Instructions for the task:
Exclude all pictures, then copy each of the records exactly as written.

Data listing START

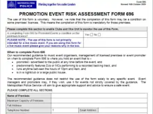 David Isles, Detective Superintendent of the Metropolitan Police Clubs and Vice unit has stated that Form 696 is not designed to stop people having a good time.[11] The Metropolitan Police web site describes the form as a Promotion Event risk assessment form.[12]
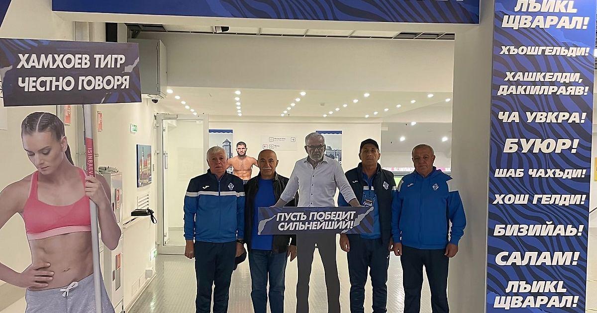 При входе на стадион команду гостей встречали фигуры знаменитых людей связанных с Дагестаном. Первым был Хабиб Нурмагомедов, за ним следовала Елена Исинбаева и завершал эту тройку Гаджи Муслимович Гаджиев. У каждого из перечисленных была табличка с определенным посылом.
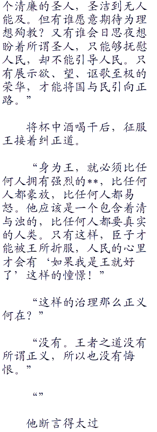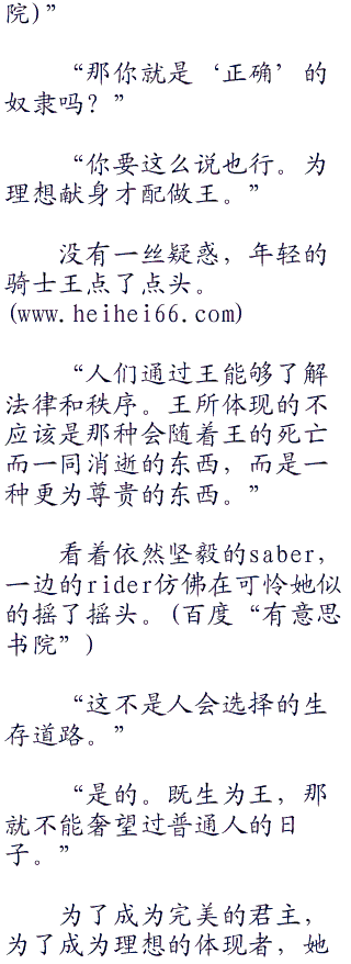 “所以saber,如果有王对自己治理国家的结果感到不满意,那只能说明他是个昏君,比暴君更差劲。”
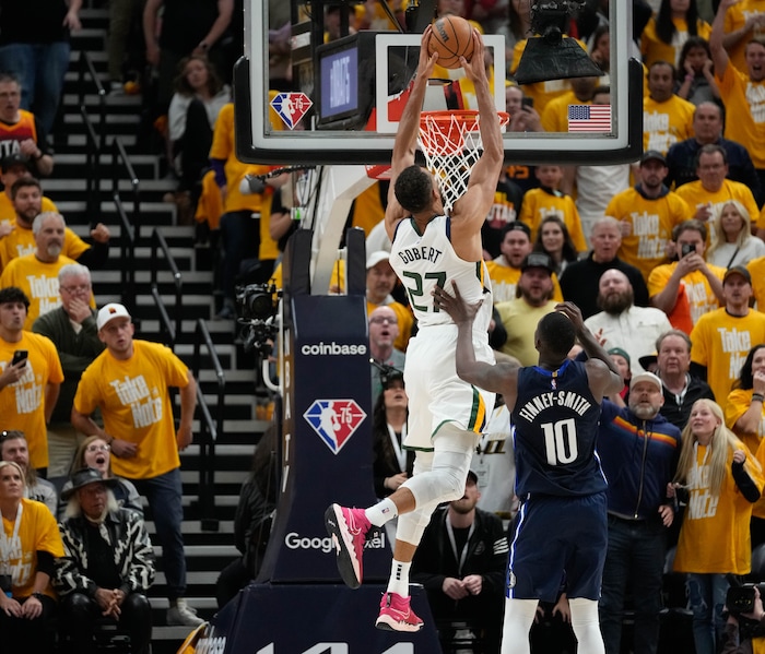 (Francisco Kjolseth | The Salt Lake Tribune) Utah Jazz center Rudy Gobert (27) scores a critical basket with 11-seconds left on the clock to bring home the win 100-99 over Dallas during Game 4 of an NBA basketball first-round playoff series, Saturday, April 23, 2022, in Salt Lake City.
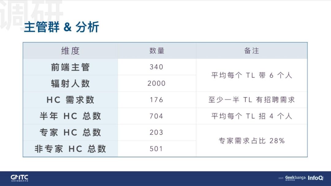 从这张表格可以看到,340 个前端主管,所带的人数全部加起来超过 2000 人,也就是说,平均每个主管带 6 个人左右。其中,在作为样本的 170 多个前端主管里面,他们未来半年要招聘的总人数是 700 多人,而对于专家的诉求,实际上的需求占比差不多 30%。
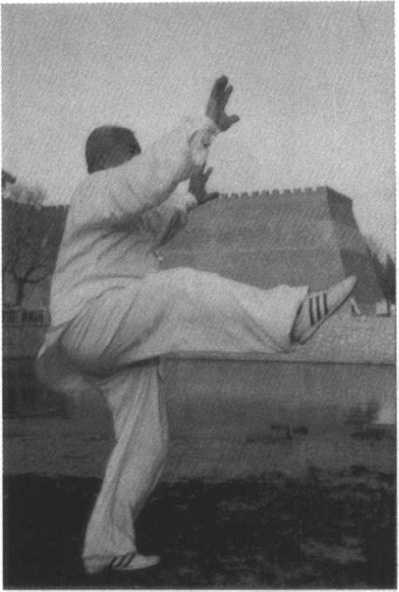 动作六:承前式,右腿由 屈至伸,向东南前方踢出;同 时两手左右分劈,屈肘、竖 掌,右手臂与右腿上下相照, 目视右掌前方。(图86)
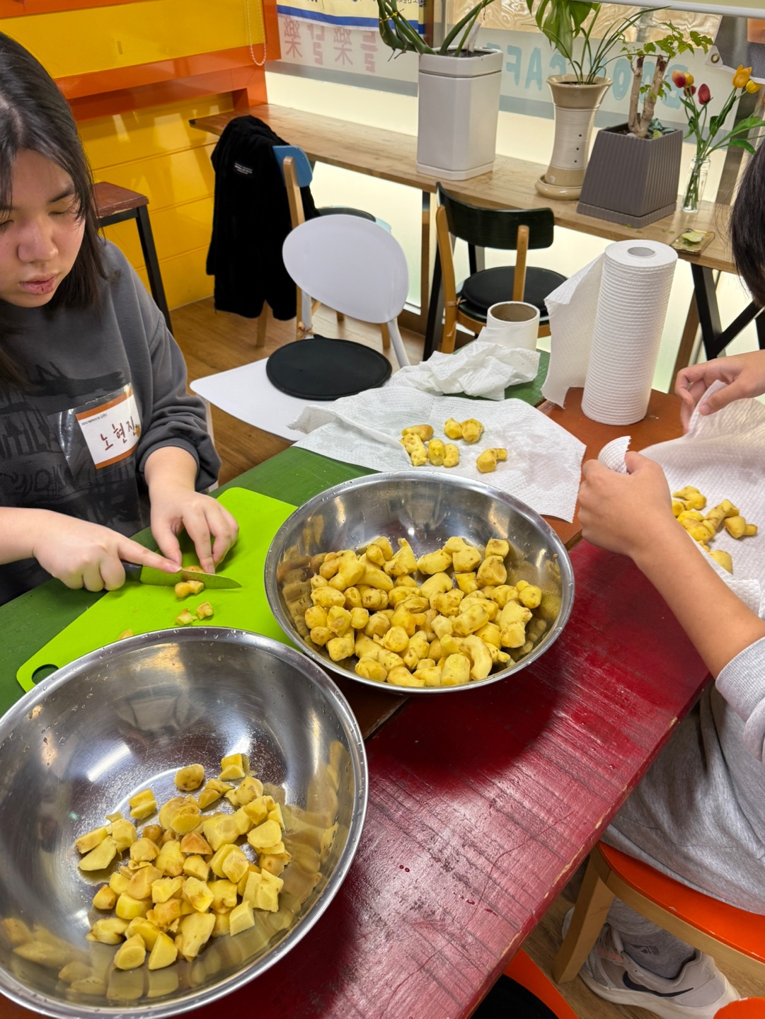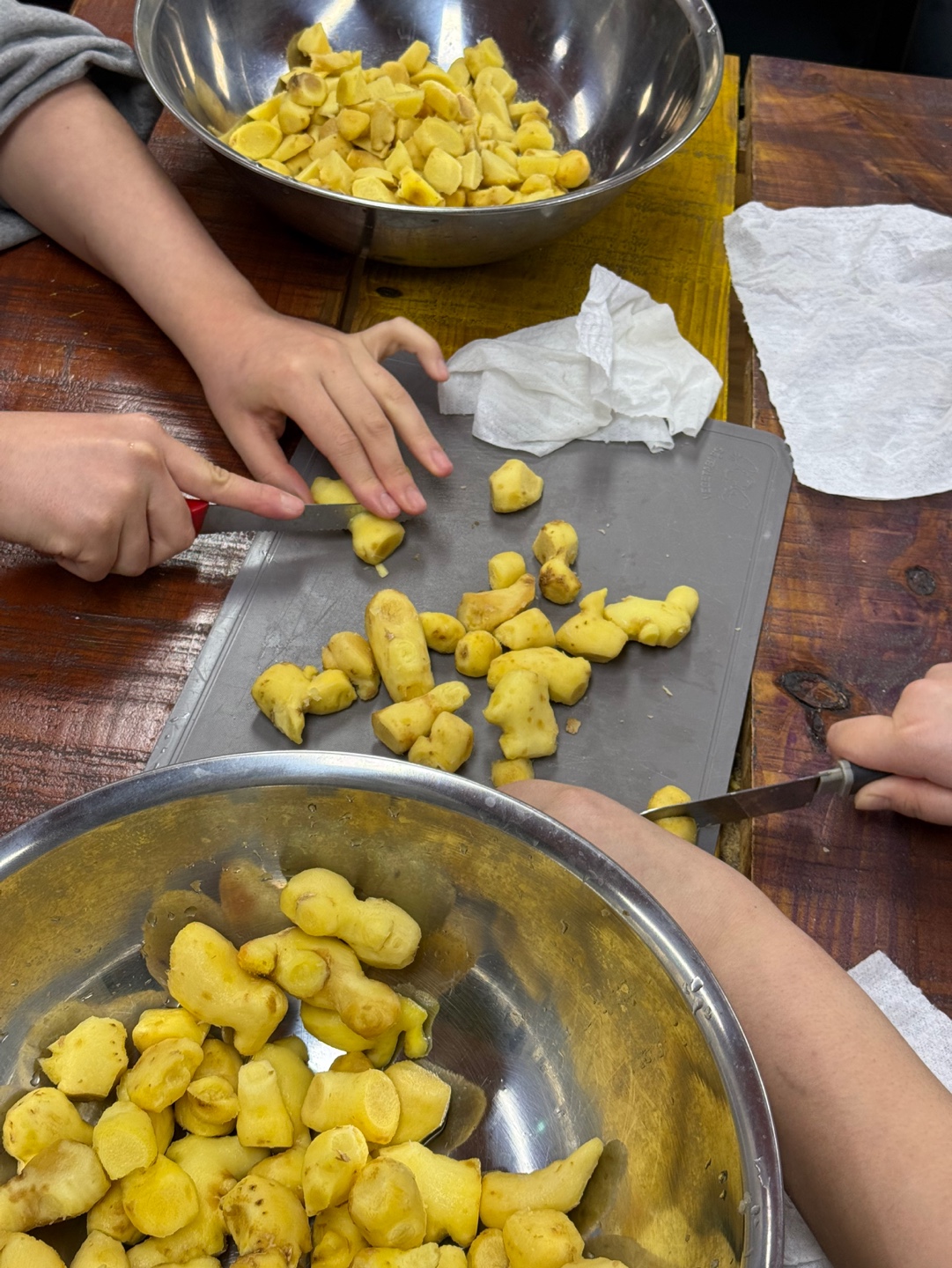 처음 생강껍질을 까보는 청소년들, 마트에서 늘 까져 있는 생강만 보다가
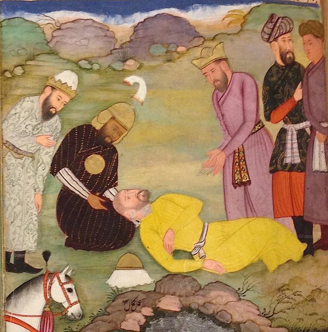Almost forgot #MughalMonday again! Here Iskandar comforts the dying Dara, by Kamal, early 17C #BLOr5600
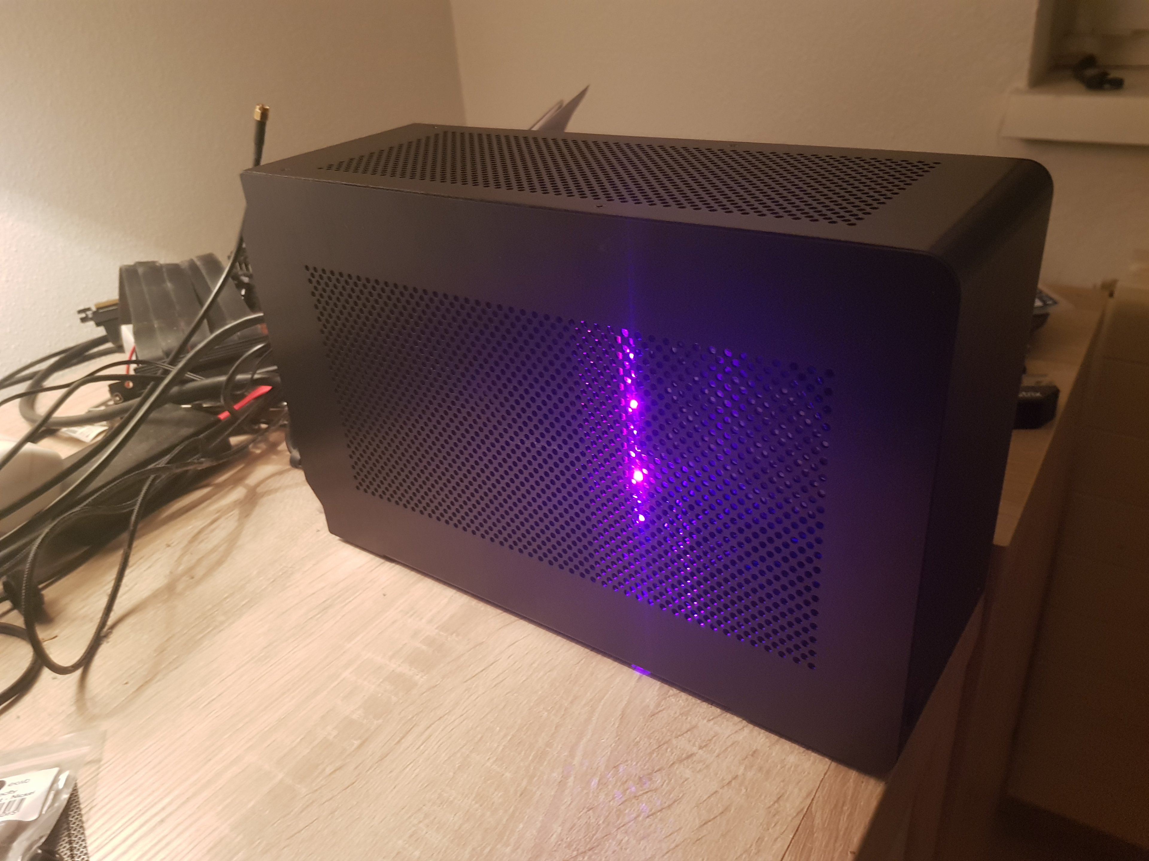 cpu kühler geht sich gerade so aus , der riser is ein wenig unhandlich, und das psu kabel ist zu lange
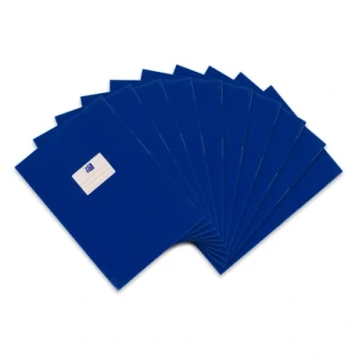 Strong features: sturdy protective cover, environmentally friendly, recyclable PP plastic material (polypropylene), capacity ideal for 16-32 sheets (max. 48 sheets) Ideal format: page dimensions 215 x 305 mm, dimensions open 430 x 305 mm, suitable for DIN A4 size notebooks, with practical binding (45 mm) Colour: 10 blue book covers with chequered textured embossing (raffia look) Format A4 – This A4 notebook cover is suitable for large school books in DIN A4 format Versatile – also serves for the correct colour assignment of school subjects, stable and tear-resistant, with glued name label
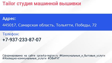 Tailor, студия машинной вышивки по адресу 445017, Самарская область, Тольятти, Победы, 72 в дальнейшем Организация, размещена в следующих категориях:
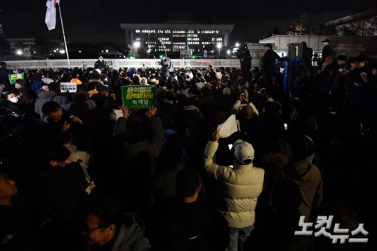 촛불행동은 4일 오전 서울 영등포구 국회 정문 앞에서 기자회견을 열고 "윤석열은 헬기를 띄우고 계엄군을 진입시켜 민의의 전당인 국회를 짓밟고 국회의장을 비롯해 여야 정당 대표들을 체포하려 했다"며 "하지만 윤석열의 비상계엄 시도는 분노한 국민들에 의해 처참하게 진압됐다"고 밝혔다.

Data listing END

Answer to the problem:
 David Isles, Detective Superintendent of the Metropolitan Police Clubs and Vice unit has stated that Form 696 is not designed to stop people having a good time.[11] The Metropolitan Police web site describes the form as a Promotion Event risk assessment form.[12]
 При входе на стадион команду гостей встречали фигуры знаменитых людей связанных с Дагестаном. Первым был Хабиб Нурмагомедов, за ним следовала Елена Исинбаева и завершал эту тройку Гаджи Муслимович Гаджиев. У каждого из перечисленных была табличка с определенным посылом.
 “所以saber,如果有王对自己治理国家的结果感到不满意,那只能说明他是个昏君,比暴君更差劲。”
 (Francisco Kjolseth | The Salt Lake Tribune) Utah Jazz center Rudy Gobert (27) scores a critical basket with 11-seconds left on the clock to bring home the win 100-99 over Dallas during Game 4 of an NBA basketball first-round playoff series, Saturday, April 23, 2022, in Salt Lake City.
 从这张表格可以看到,340 个前端主管,所带的人数全部加起来超过 2000 人,也就是说,平均每个主管带 6 个人左右。其中,在作为样本的 170 多个前端主管里面,他们未来半年要招聘的总人数是 700 多人,而对于专家的诉求,实际上的需求占比差不多 30%。
 动作六:承前式,右腿由 屈至伸,向东南前方踢出;同 时两手左右分劈,屈肘、竖 掌,右手臂与右腿上下相照, 目视右掌前方。(图86)
 처음 생강껍질을 까보는 청소년들, 마트에서 늘 까져 있는 생강만 보다가
Almost forgot #MughalMonday again! Here Iskandar comforts the dying Dara, by Kamal, early 17C #BLOr5600
 cpu kühler geht sich gerade so aus , der riser is ein wenig unhandlich, und das psu kabel ist zu lange
 Strong features: sturdy protective cover, environmentally friendly, recyclable PP plastic material (polypropylene), capacity ideal for 16-32 sheets (max. 48 sheets) Ideal format: page dimensions 215 x 305 mm, dimensions open 430 x 305 mm, suitable for DIN A4 size notebooks, with practical binding (45 mm) Colour: 10 blue book covers with chequered textured embossing (raffia look) Format A4 – This A4 notebook cover is suitable for large school books in DIN A4 format Versatile – also serves for the correct colour assignment of school subjects, stable and tear-resistant, with glued name label
 Tailor, студия машинной вышивки по адресу 445017, Самарская область, Тольятти, Победы, 72 в дальнейшем Организация, размещена в следующих категориях:
 촛불행동은 4일 오전 서울 영등포구 국회 정문 앞에서 기자회견을 열고 "윤석열은 헬기를 띄우고 계엄군을 진입시켜 민의의 전당인 국회를 짓밟고 국회의장을 비롯해 여야 정당 대표들을 체포하려 했다"며 "하지만 윤석열의 비상계엄 시도는 분노한 국민들에 의해 처참하게 진압됐다"고 밝혔다.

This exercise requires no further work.